Aplique técnicas de classificação (classificação hierárquica, com base na distância euclideana e no método da mínima variância) e de ordenação (análise de componentes principais) aos dados da alínea anterior (DataTP11solea2.csv). Compare os resultados e comente as principais diferenças obtidas.
OK, so here we can do anything we’d like really, just use the previous data for other type of analysis and compare results. Here are some possibilities
pcalingua<-princomp(lingua[,-1])
summary(pcalingua)
## Importance of components:
## Comp.1 Comp.2 Comp.3 Comp.4
## Standard deviation 1.9593246 0.51074904 0.27618854 0.146300909
## Proportion of Variance 0.9145805 0.06214759 0.01817274 0.005099213
## Cumulative Proportion 0.9145805 0.97672804 0.99490079 1.000000000
biplot(pcalingua)
## Hierarchical Cluster
lingueucD=dist(lingua[,-1])
hclingua<-hclust(lingueucD,method="ward")

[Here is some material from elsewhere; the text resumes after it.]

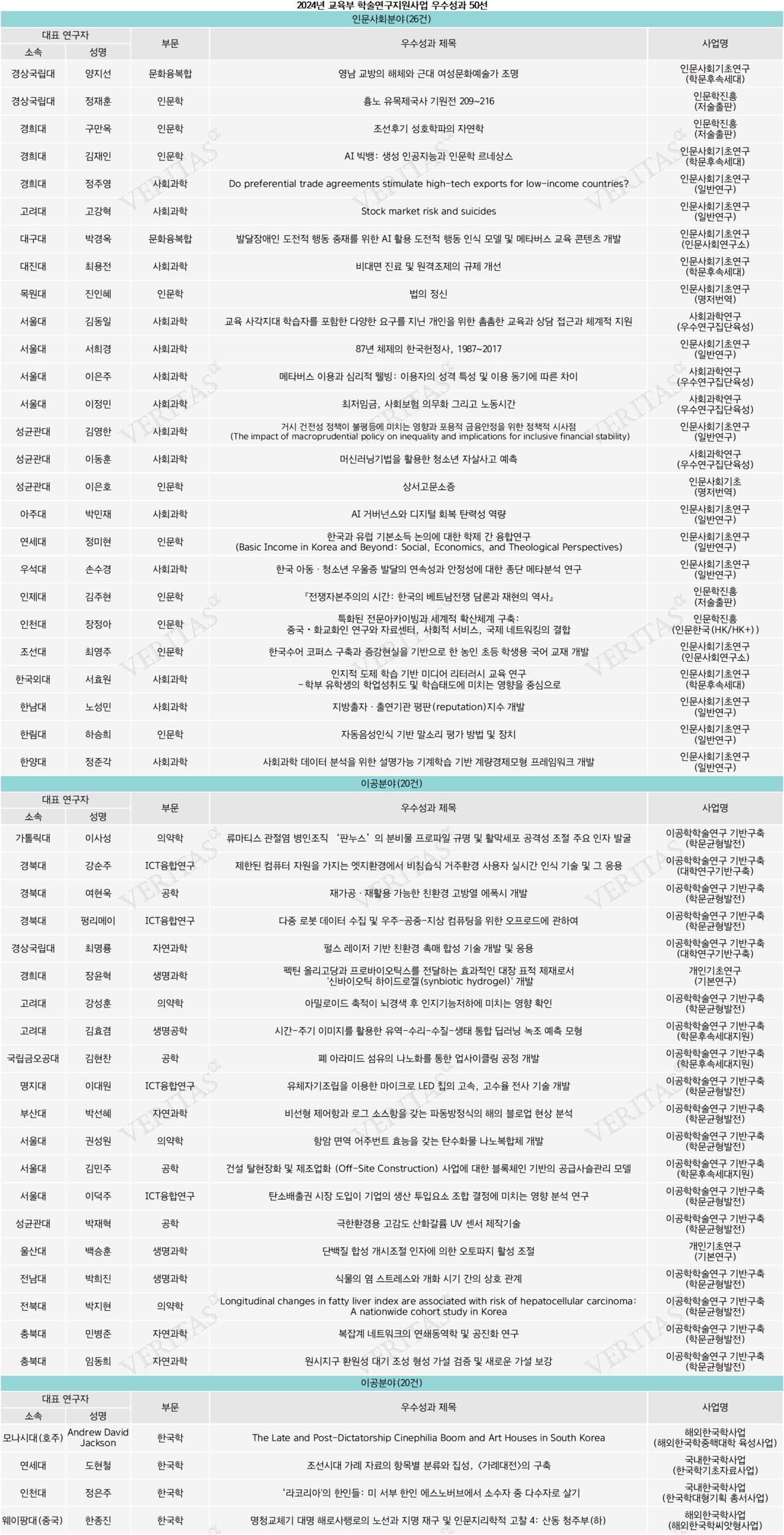 2024 학술연구지원 우수성과 50선.. 서울대(7건) ‘최다’ 성대 경희대(각 4건) 톱3 < 정부지원사업 < 대입잣대 < 대입 < 기사본문 - 베리타스알파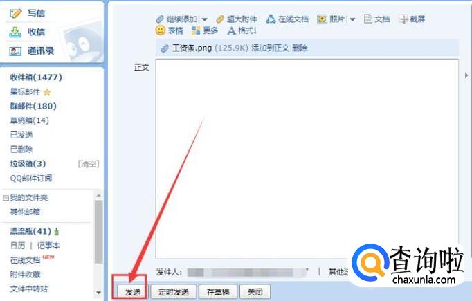 最后,我们在邮箱的最下方点击”发送“,工资条就群发出去了。

## The "ward" method has been renamed to "ward.D"; note new "ward.D2"
plot(hclingua)
Despite not requested, given we have 3 species, a non-hierachical cluster with 3 clusters might also be interesting
nhclingua<-kmeans(lingueucD,3)
We can check how well it does using again a confusion matrix
species=as.character(unique(lingua$especie))
#awkward tweaking required to lign up predictions with species
#because kmeans only produces a clustering, it does not
#associate labels to clusters
preds=ifelse(nhclingua$cluster==1,species[3],ifelse(nhclingua$cluster==2,species[2],species[1]))
confusion(preds,lingua$especie)
## true
## predicted lascaris senegalensis solea
## lascaris 0 36 49
## senegalensis 22 0 1
## solea 13 0 0
and while we do well at correctly predicting solea and lascaris, many of the senegalensis are mistaken as solea.
Note that while this could seem to imply that the Discriminant Analysis (DA) is better than the Non-Hierarchical Cluster (NHC) analysis, we should note these are intrinsically different approaches. While the latter is a unsupervised learning technique (the labels are not provided for the observations), the former is a supervised learning technique, and therefore not surprisingly is better at discriminating the groups we know exist, given the differences present.
Therefore, in general, if you know the groups a priori, distinguishing these based on a multivariate analysis is more sensible using the DA than the NHC analysis.